§ **Problem description**: What's wanted here is the full listing below, repeated exactly, with no images in it.

§ **Exercise data**:
== Segment start ==
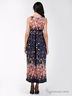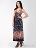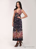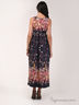 Расклешенная модель с V-образным вырезом горловины. Отрезной лиф. Изделие украшено принтами.
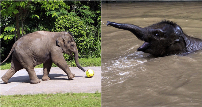 Asiatische Baby-Elefanten üben für Entlassung in die Wildnis
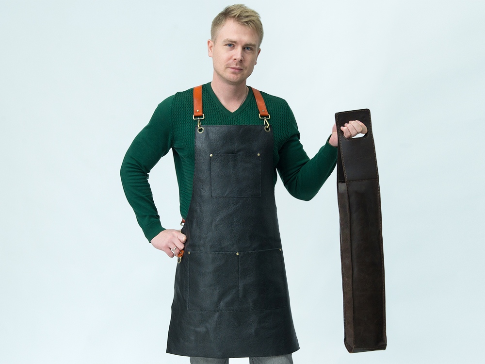 Погрузитесь в мир кулинарного искусства с нашим стильным набором, который включает фартук из кожи флотер и элегантный футляр-тубус.
== Segment end ==
§ **Answer box**:
 Расклешенная модель с V-образным вырезом горловины. Отрезной лиф. Изделие украшено принтами.
 Asiatische Baby-Elefanten üben für Entlassung in die Wildnis
 Погрузитесь в мир кулинарного искусства с нашим стильным набором, который включает фартук из кожи флотер и элегантный футляр-тубус.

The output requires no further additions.